Life takes guts.

On September 21st my doctor officially diagnosed me with inflammatory bowel disease - ulcerative colitis. September 20th was my 3 month "anniversary" of the start of the disease symptoms. We've suspected UC for a few weeks now, but were unable to diagnose with the infection I had on top of it since the infection caused contradictions in the inflammation patterns. Even though it was suspected, having an official diagnosis hit me pretty hard. I got in the car and allowed myself a few minutes to grieve for the loss the "normal me", or as cliché as it sounds, the "old me". This is my new normal and I'm trying to go at it with a positive mindset, but that's easier said than done. I don't know what the future holds and that's terrifying to me ... 23% to 45% of patients with ulcerative colitis end up eventually requiring surgery. The medication options don't always work for everyone, and if they do work for a while sometimes your body stops reacting to them and they become ineffective. I was put on several different medications today (Prednisone... aka Satan's Tic-Tacs as I've seen people so lovingly call it) to start working towards remission. I've been very outspoken about my medical battles on my personal Facebook page, and I plan to continue to stay that way for a number of reasons... to inform, draw awareness... And because you never know who you're helping.

In these last 3 months alone I've spent a total of 6 days in the hospital as an in-patient while battling this disease, as well as for the nasty bug clostridium difficile colitis that was complicating it. I've been in the ER 7 times for labs, IV fluids, abdominal pain that was so bad it was causing uncontrollable vomiting, and yes - blood loss. I've lost 30 lbs from the onset of my disease symptoms, unintentionally. I was hospitalized for being malnourished, badly anemic (due to iron deficiency and blood loss), and low hemoglobin. I've had 2 blood transfusions and 4 iron transfusions. I received 4 bags of potassium chloride through an IV, and if you don't know how bad that hurts then consider yourself lucky!
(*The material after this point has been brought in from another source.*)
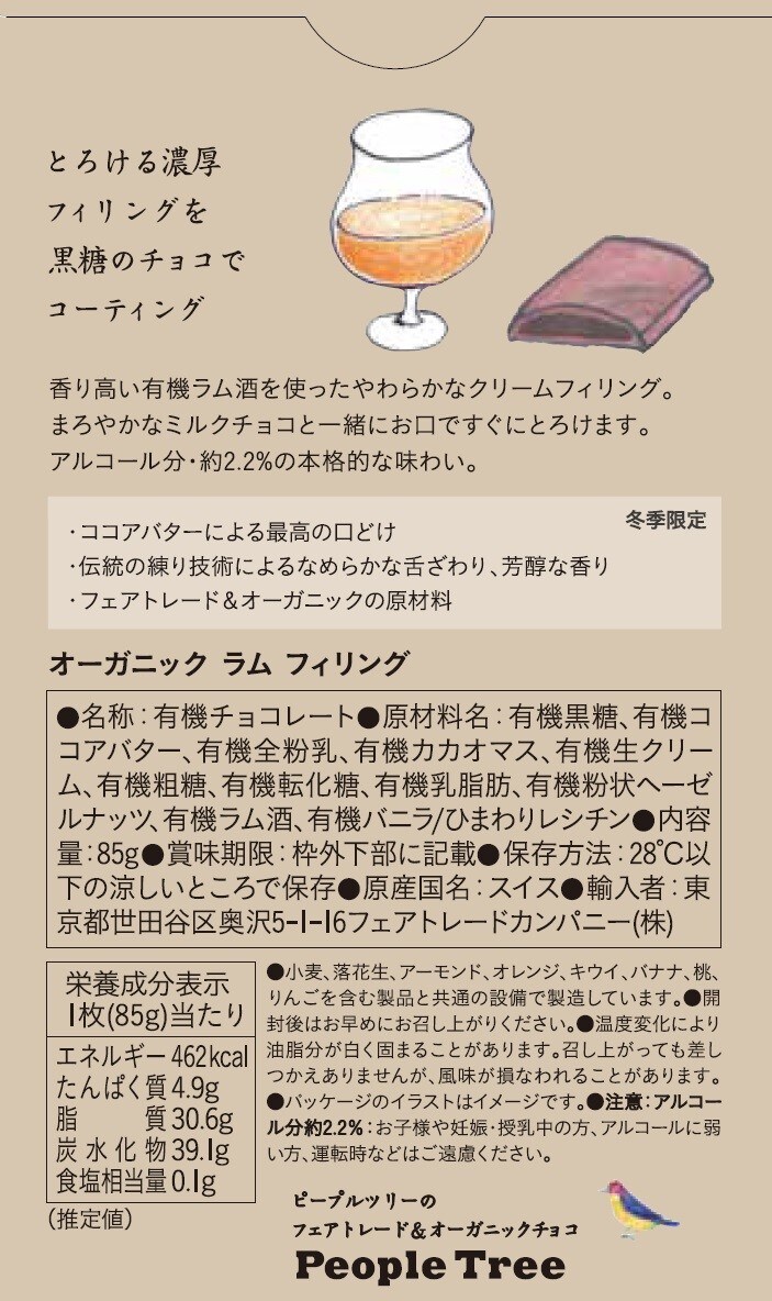 - フェアトレードチョコ オーガニック ラム フィリング 85g
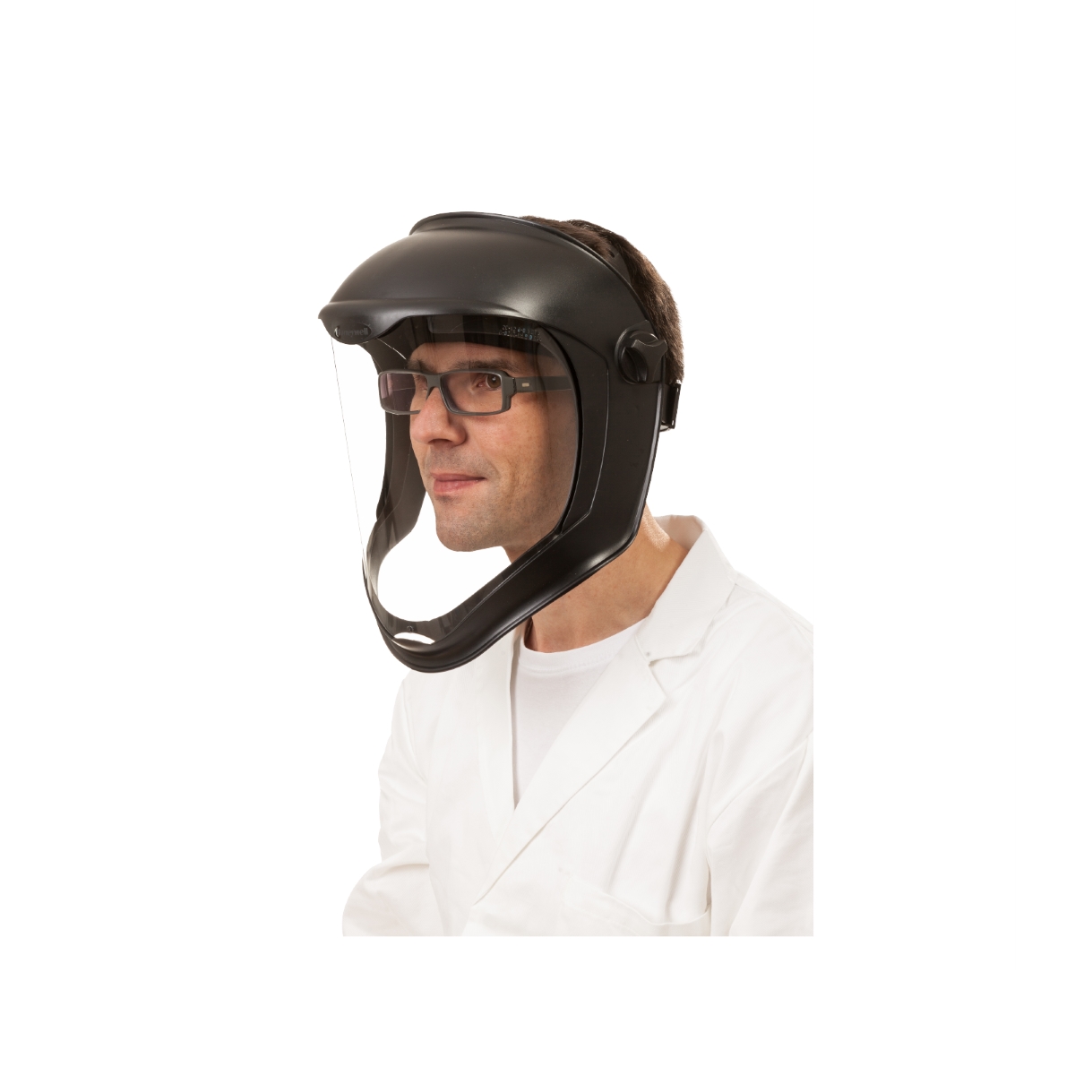 • duży ekran z poliwęglanu dla maksymalnej widoczności, zapewniający ochronę przed promieniowaniem UV oraz rozpryskami cieczy; odporny na zarysowania i uderzenia,

You don't know searing pain until they give you potassium via IV and your arm feels like it is literally on fire. I've had 3 CT scans with contrast and countless x-rays. I went through a dreaded colonoscopy and will have another one here in the near future... And believe me, the "prep" is the worst part of it... You have to drink 64 fl oz of laxative in a short period of time, and just pray and pray that you can keep it down long enough for it to work. Yuck. I was put on a clear fluid diet for a few days to give my body a rest. I have to go monthly now to have blood work done and have my levels checked out, I also have to be very careful to not be around sick people because my immune system is suppressed because of the medication that I am on.

There is nothing appealing about my disease. It's not glamorous, it's not fun. I don't get to "rest" while I am in the hospital, it isn't a vacation or a break. My body has waged a war upon itself and it's an all out fight to get better - to get to remission. I honestly didn't realize how bad off I was until I woke up from my colonoscopy and my doctor was standing there apologizing and saying they were going to have to admit me to the hospital, he told me that somewhere along the line someone had "really dropped the ball" because of how malnourished and how low my blood levels were. I was exhausted, yes, and I knew I wasn't getting enough nutrition because I spent half of my day (15 to 20 times a day) sick in the bathroom and unable to eat.

So this is my story as of now, and I'll continue with it here as more comes of it. I have an appointment with my gastroenterologist this coming Friday (9/30) and another follow up the week after with my surgeon.